→ **Assigned task**
Here the job is to copy the data exactly and to exclude every image from it.

→ **Dataset extract**
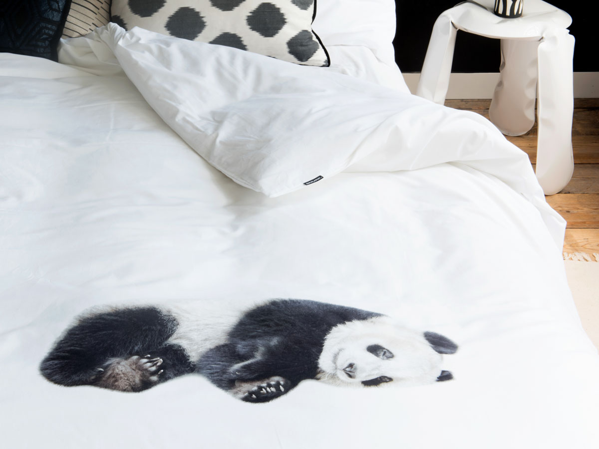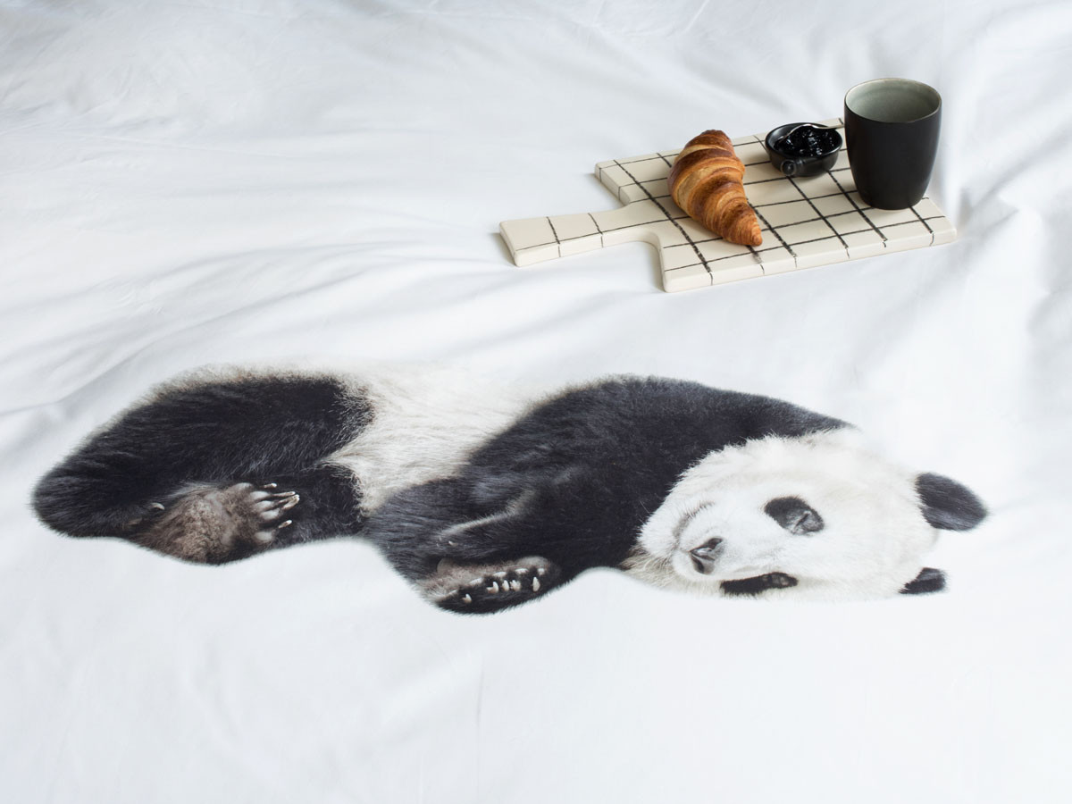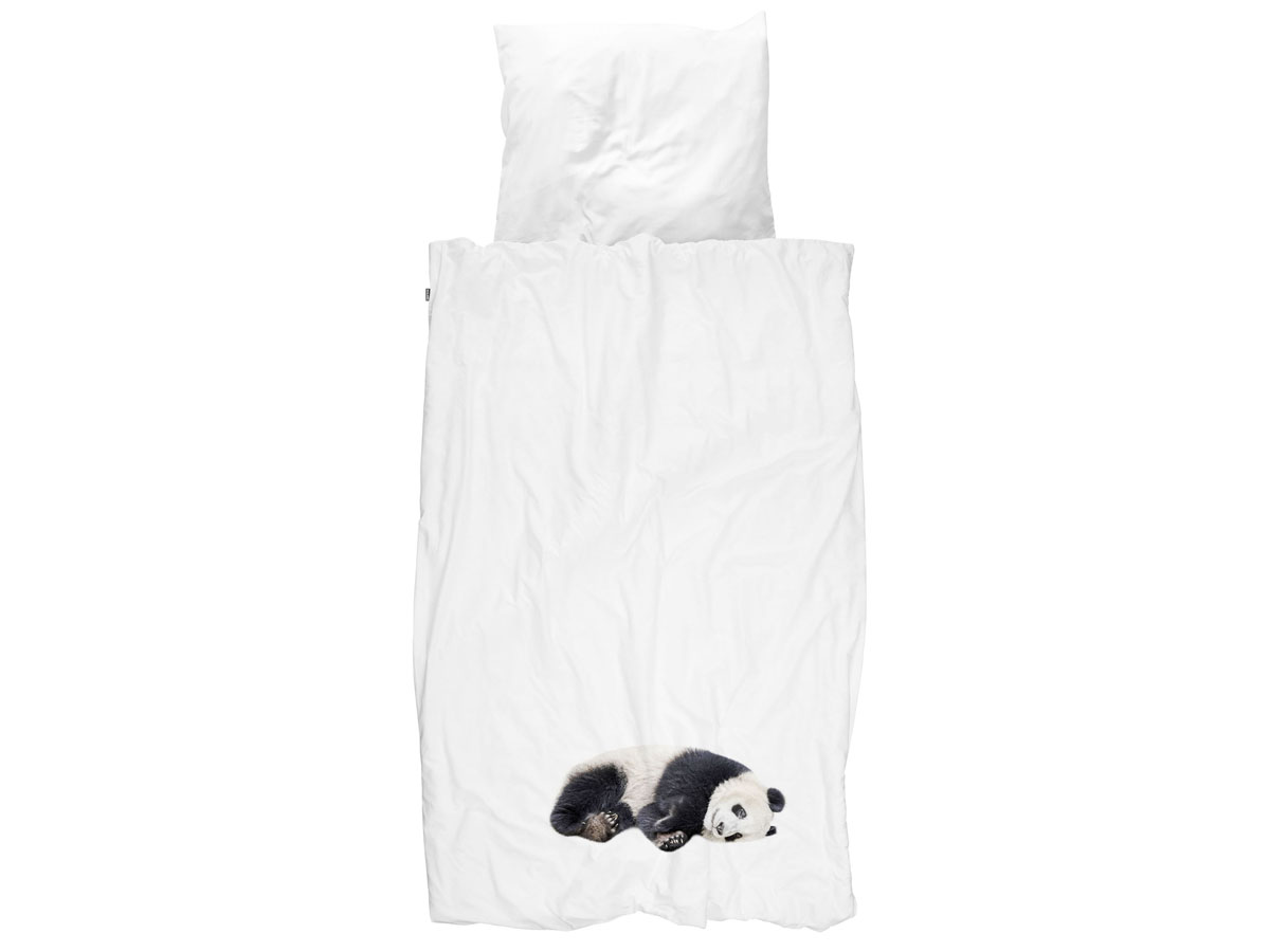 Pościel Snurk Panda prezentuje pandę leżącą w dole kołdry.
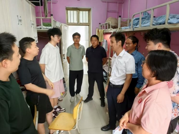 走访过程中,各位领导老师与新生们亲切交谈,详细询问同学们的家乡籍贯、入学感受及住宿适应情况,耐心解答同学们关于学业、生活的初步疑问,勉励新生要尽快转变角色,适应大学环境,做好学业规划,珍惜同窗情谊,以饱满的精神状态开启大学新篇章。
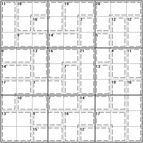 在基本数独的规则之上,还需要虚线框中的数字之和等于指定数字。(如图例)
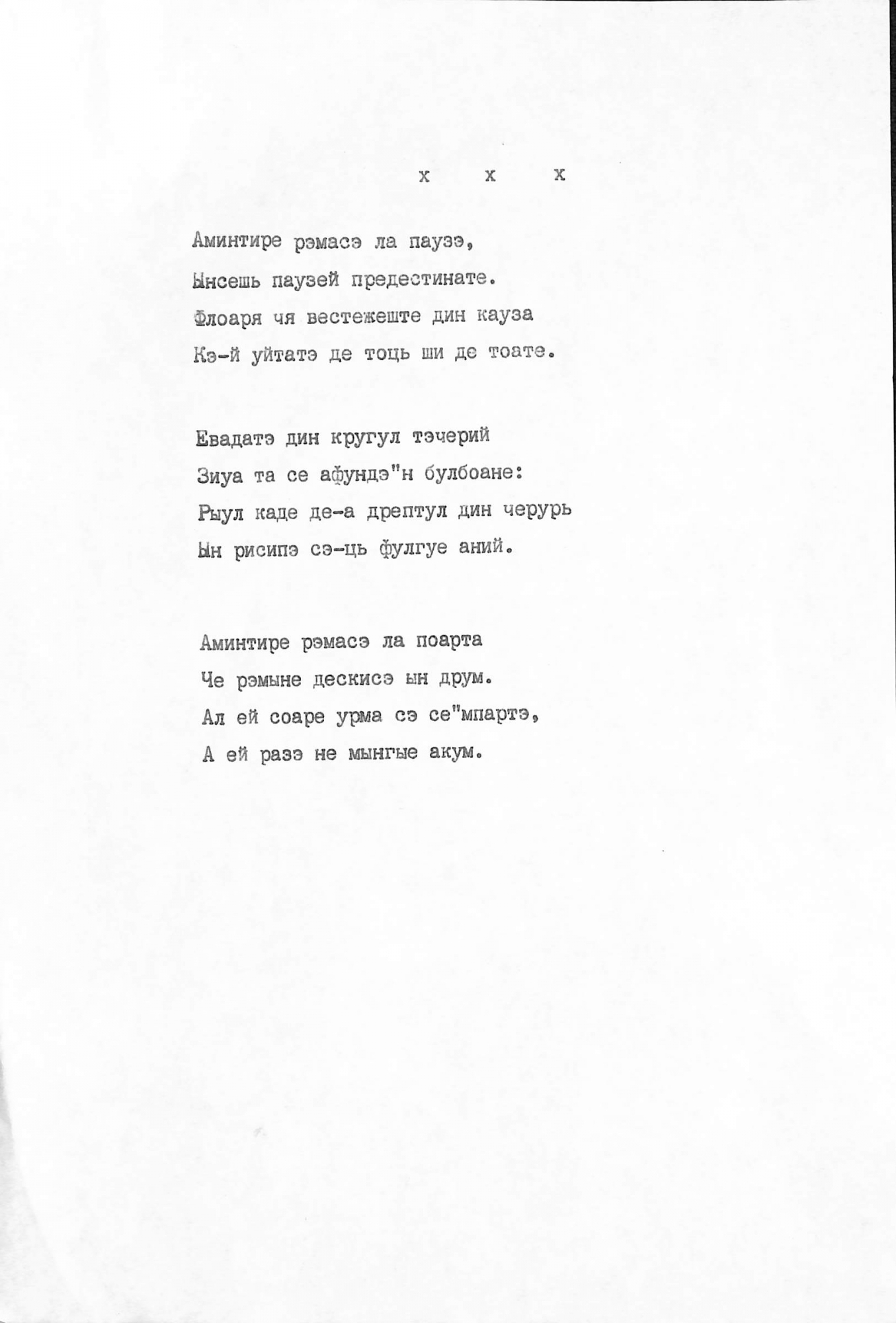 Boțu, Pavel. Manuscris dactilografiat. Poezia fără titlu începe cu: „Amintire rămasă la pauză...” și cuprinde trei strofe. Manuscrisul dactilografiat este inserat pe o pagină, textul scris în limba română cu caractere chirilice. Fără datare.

→ **Problem solution**
 Pościel Snurk Panda prezentuje pandę leżącą w dole kołdry.
 走访过程中,各位领导老师与新生们亲切交谈,详细询问同学们的家乡籍贯、入学感受及住宿适应情况,耐心解答同学们关于学业、生活的初步疑问,勉励新生要尽快转变角色,适应大学环境,做好学业规划,珍惜同窗情谊,以饱满的精神状态开启大学新篇章。
 在基本数独的规则之上,还需要虚线框中的数字之和等于指定数字。(如图例)
 Boțu, Pavel. Manuscris dactilografiat. Poezia fără titlu începe cu: „Amintire rămasă la pauză...” și cuprinde trei strofe. Manuscrisul dactilografiat este inserat pe o pagină, textul scris în limba română cu caractere chirilice. Fără datare.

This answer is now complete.